Detecting academic fraud, statistically

To undetectably fabricate data is difficult. It requires both (i) a good understanding of the phenomenon being studied (what do measures of this construct tend to look like?, which variables do they correlate with and by how much?, how often and what type of outliers are observed?, etc.), and (ii) a good understanding of how sampling error is expected to influence the data (e.g., how much variation and of what kind should estimates of this construct exhibit for the observed sample size and design?).

This paper makes two main points. First, information already included in most psychology publications, e.g., means and standard deviations, can be analyzed in light of points (i) and (ii) above, to identify likely cases of fraud. Second, the availability of raw data is an invaluable complement to verify the presence, and identify the precise nature of, fabrication. The paper illustrates these points through the analyses used to uncover two cases of fraud in psychology.

Both cases were first identified exclusively through the statistical analysis of means and standard deviations reported in published papers, by examining whether estimates across independent samples were too similar to each other to have originated in random samples

Paper here.

h/t Joe McGee.

I suppose that the trouble with this approach is that someone who understood the detection algorithm could falsify the data better. I suppose the fakers might be fakers because they are too lazy or dim to do even that. This has been my experience with student fraud. Then again, I probably only catch the lazy and dim ones, giving me a select sample…

25 Responses

  1. Hello professor, you will be glad to know that If you spend a lot of money at the grocery store, the right credit card could save you hundreds of dollars per year. To determine which earns you good rewards.

  2. Someone smart enough to commit hard-to-detect, convincing fraud is usually smart enough to do the actual work instead, and it’s easier. Unless they’ve got crazy cognitive weirdness going on, like Salvador Dali (who seemed to *like* to be a fraudster), they are unlikely to do so….
    ….unless committing fraud suits their larger political agenda. Which is why those who have an ax to grind or are funded by people with an ax to grind are the ones you have to watch out for.

  3. Hi Chris,
    every thought about deactivating retweets to be posted in the comments? It used to be nice to look at other people’s views, but the comments have become a mess of useless noise.

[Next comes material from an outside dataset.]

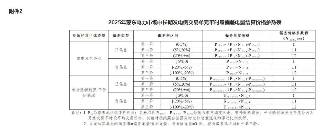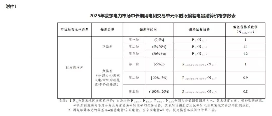 附件:1.2025年蒙东电力市场中长期用电侧交易单元平时段偏差电量结算价格参数表

  4. The underlying issue might be the poor governance mechanisms to ensure faithful and ethical data collection and analysis. Ethics committees, peer review, and ‘fraud’ analysis from both raw and final datasets available for external analysis are steps in this direction, but I think the robust and scalable solution is eventually to have ‘open science’ – akin to open source.

    PS – your site’s repeating a couple of options below the post button:
    Notify me of followup comments via e-mail.
    Notify me of follow-up comments by email.

  5. Chris:
    This stuff has made a huge splash (as you might expect) in psychology. There is a nice summary article of it in Science or Nature.